Copy the entries below word for word, but omit any pictures they contain.

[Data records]
<<<<

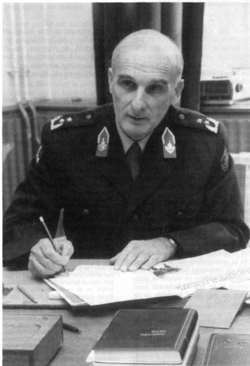
Genmaj M.H. von Meijenfeldt

Voorts sprak ik de verwachting uit dat de neutronenbom in elk geval de Sov- jets zou kunnen aanzetten serieus te onderhandelen. Een maand later re- pliceerde Von Meijenfeldt met de be- wering dat 'de bewapeningswedloop door de neutronenbom eerder werd gestimuleerd dan geremd', gegeven de
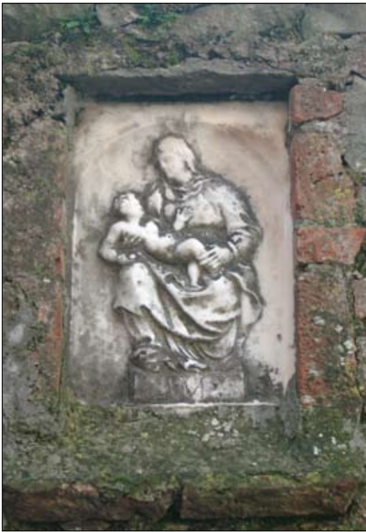
13. Madonna con Bambino Senza date 55 x 35 cm Via Vasco Venturrelli 20 (alla torre)
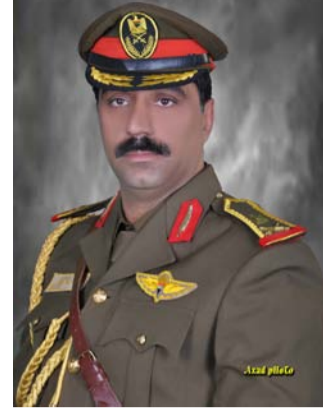
اللواء ق خ الركن عماد الزهيري

إن التصور السليم لهجمات العدو الجوية المتوقعة يساعد هيئة ركن التخطيط في الدفاع الجوي على دقة اختيار الاتجاهات والمناطق والأهداف الحيوية التي يحتمل تعرضها للهجوم والتي ينبغي تركيز الجهود الرئيسية لقوات ووسائل الدفاع الجوي عليها وذلك بحشد الصواريخ
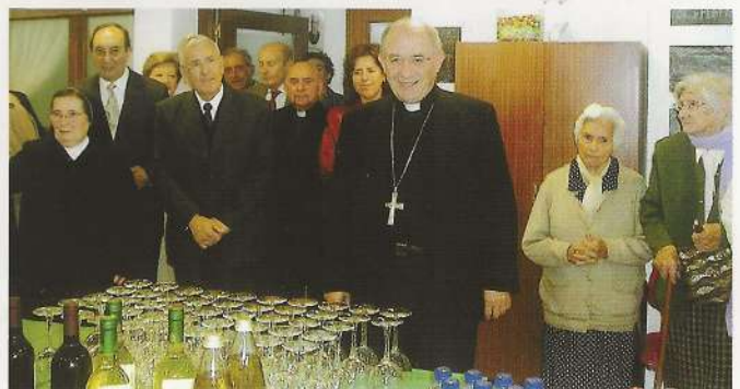
Don Francisco departió con los ancianos, con las Hermanas Salesianas del Sagrado Corazón de Jesús, con los miembros de la Junta de Patronos y público.
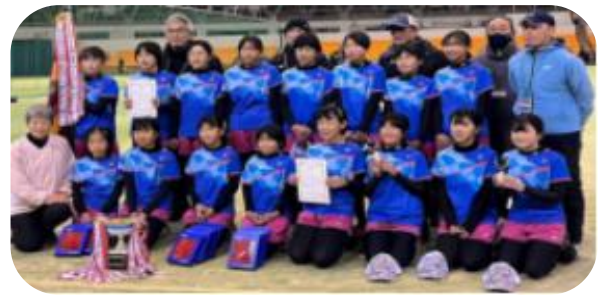
兵庫県女子Aチーム 優勝。 Bチーム 4位入賞

>>>>

# [Solution for this problem]
Genmaj M.H. von Meijenfeldt

Voorts sprak ik de verwachting uit dat de neutronenbom in elk geval de Sov- jets zou kunnen aanzetten serieus te onderhandelen. Een maand later re- pliceerde Von Meijenfeldt met de be- wering dat 'de bewapeningswedloop door de neutronenbom eerder werd gestimuleerd dan geremd', gegeven de
13. Madonna con Bambino Senza date 55 x 35 cm Via Vasco Venturrelli 20 (alla torre)
اللواء ق خ الركن عماد الزهيري

إن التصور السليم لهجمات العدو الجوية المتوقعة يساعد هيئة ركن التخطيط في الدفاع الجوي على دقة اختيار الاتجاهات والمناطق والأهداف الحيوية التي يحتمل تعرضها للهجوم والتي ينبغي تركيز الجهود الرئيسية لقوات ووسائل الدفاع الجوي عليها وذلك بحشد الصواريخ
Don Francisco departió con los ancianos, con las Hermanas Salesianas del Sagrado Corazón de Jesús, con los miembros de la Junta de Patronos y público.
兵庫県女子Aチーム 優勝。 Bチーム 4位入賞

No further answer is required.